--- Input ---

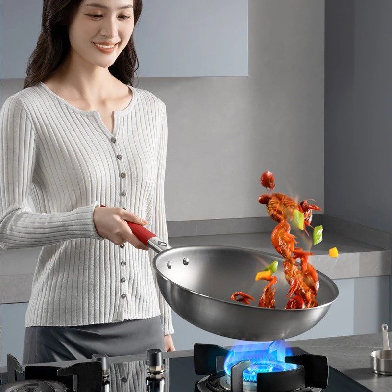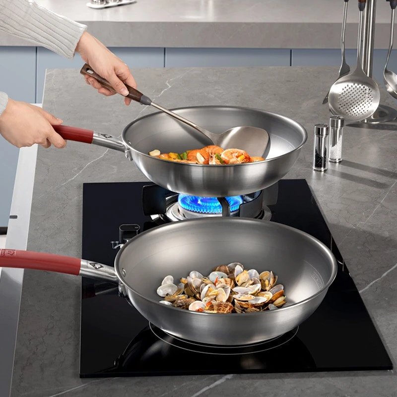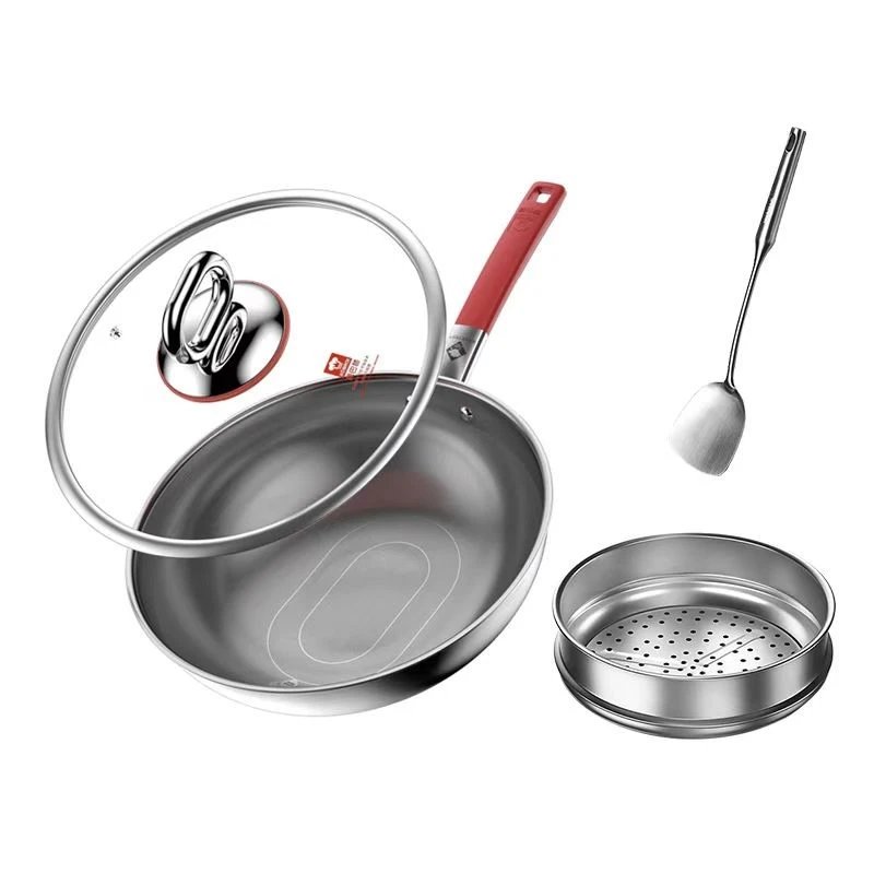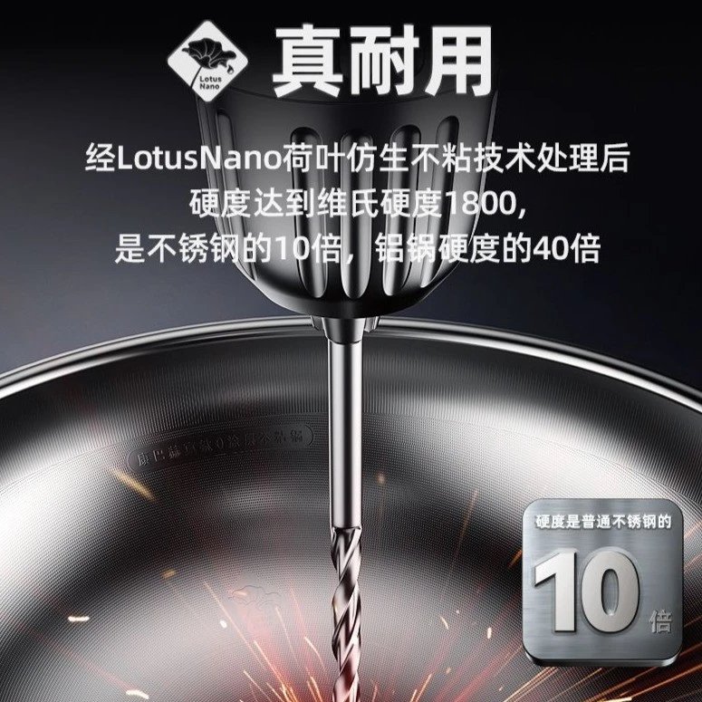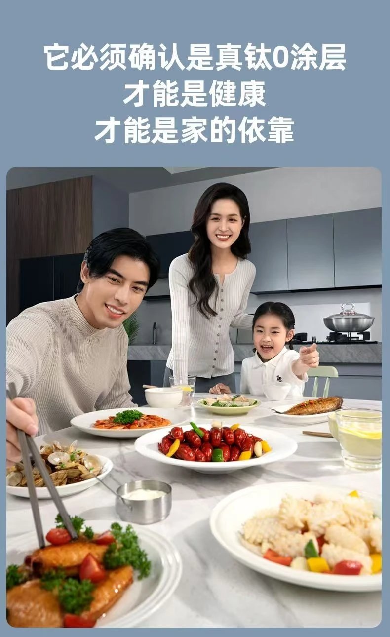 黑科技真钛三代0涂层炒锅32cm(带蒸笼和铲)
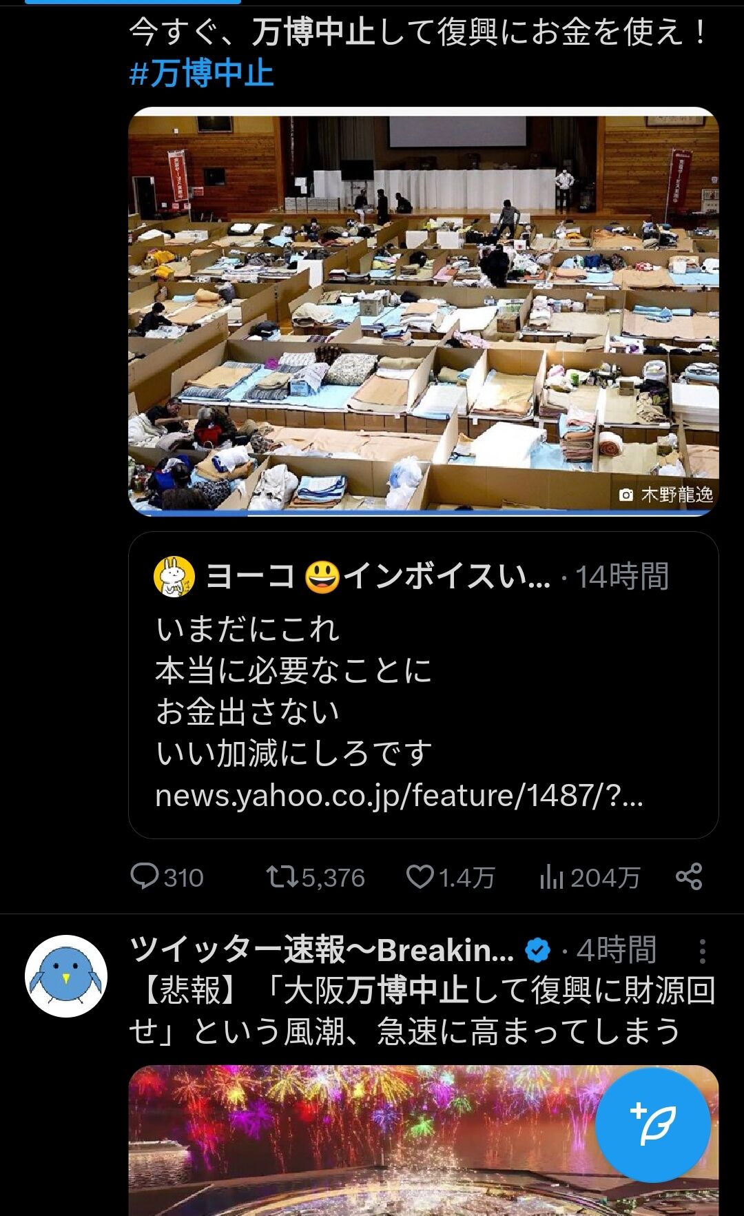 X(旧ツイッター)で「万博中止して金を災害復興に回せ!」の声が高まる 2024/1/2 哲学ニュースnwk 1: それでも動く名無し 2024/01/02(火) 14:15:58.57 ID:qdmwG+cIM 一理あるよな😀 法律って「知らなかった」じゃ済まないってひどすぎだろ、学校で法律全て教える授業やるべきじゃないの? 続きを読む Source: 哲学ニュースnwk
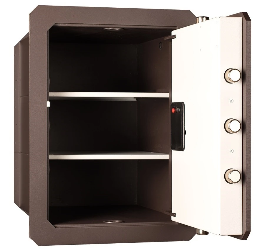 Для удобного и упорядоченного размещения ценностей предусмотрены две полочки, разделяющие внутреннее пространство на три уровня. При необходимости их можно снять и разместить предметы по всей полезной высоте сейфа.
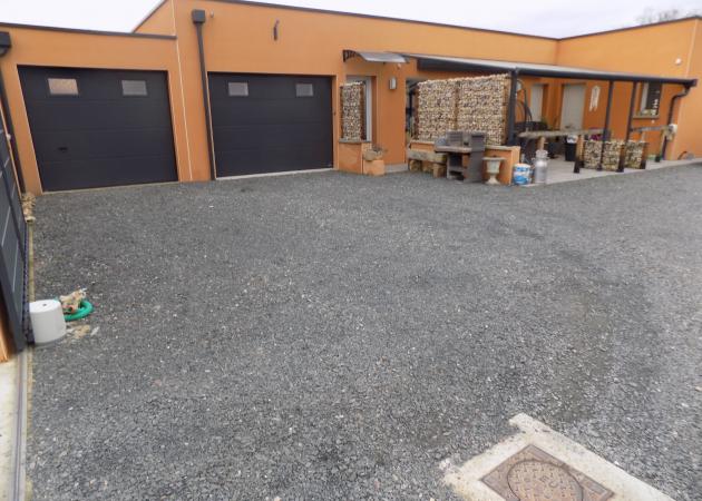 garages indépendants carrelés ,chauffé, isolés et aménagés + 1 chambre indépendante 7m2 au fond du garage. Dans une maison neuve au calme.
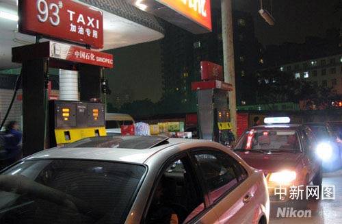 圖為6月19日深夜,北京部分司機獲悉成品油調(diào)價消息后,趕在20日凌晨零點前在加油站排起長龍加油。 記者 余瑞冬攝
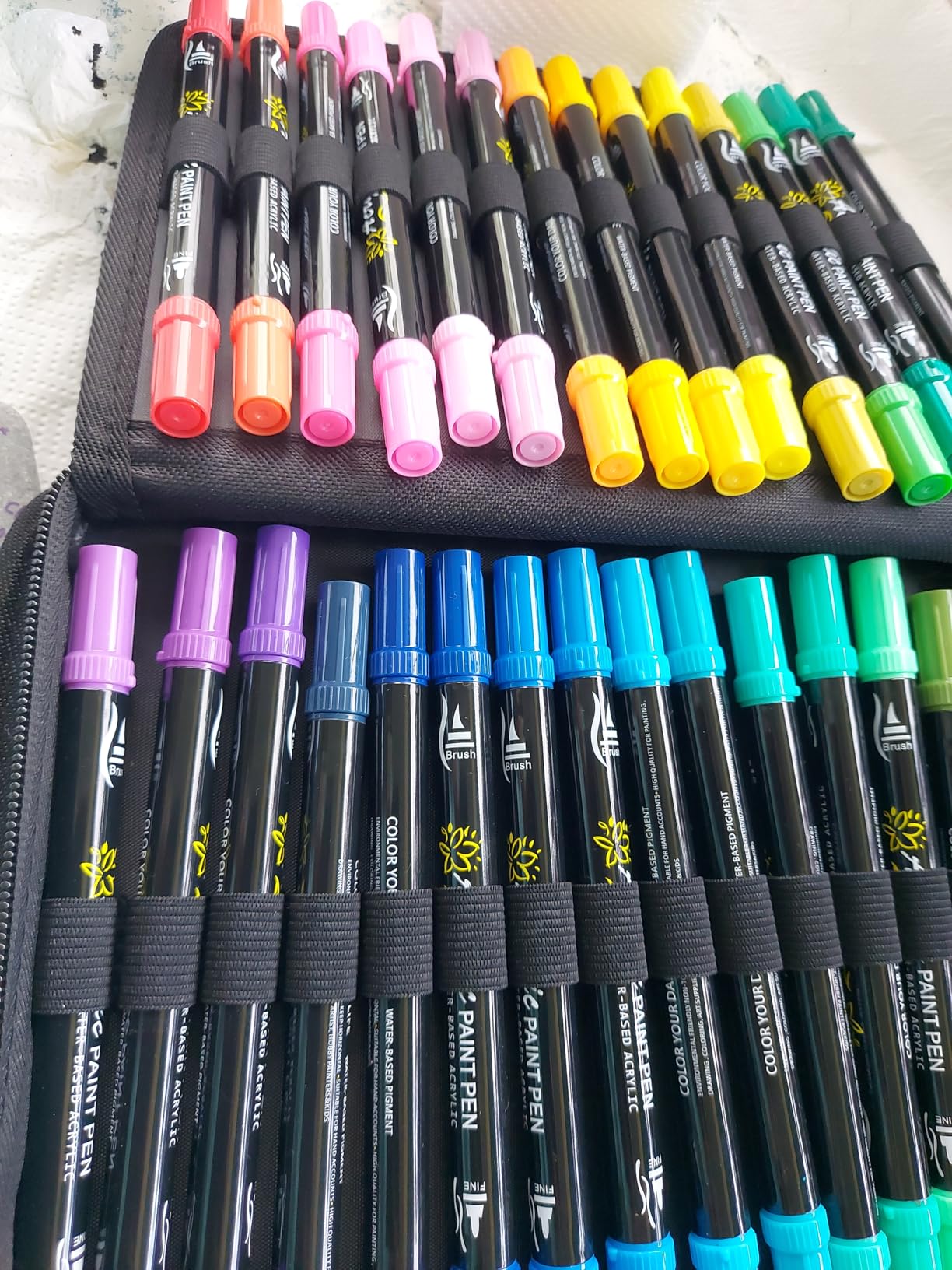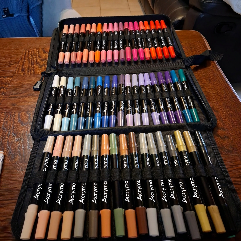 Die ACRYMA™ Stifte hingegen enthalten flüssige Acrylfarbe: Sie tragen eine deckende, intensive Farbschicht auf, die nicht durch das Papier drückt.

---

### Work instructions
Leaving out every picture, transcribe exactly the lines from the line that contains "圖為6月19日深夜,北京部分司機獲悉成品油調(diào)價消息后,趕在20日凌晨零點前在加油站排起長龍加油。 記者 余瑞冬攝" through the final line of the entries above.

### Solution to this exercise
 圖為6月19日深夜,北京部分司機獲悉成品油調(diào)價消息后,趕在20日凌晨零點前在加油站排起長龍加油。 記者 余瑞冬攝
 Die ACRYMA™ Stifte hingegen enthalten flüssige Acrylfarbe: Sie tragen eine deckende, intensive Farbschicht auf, die nicht durch das Papier drückt.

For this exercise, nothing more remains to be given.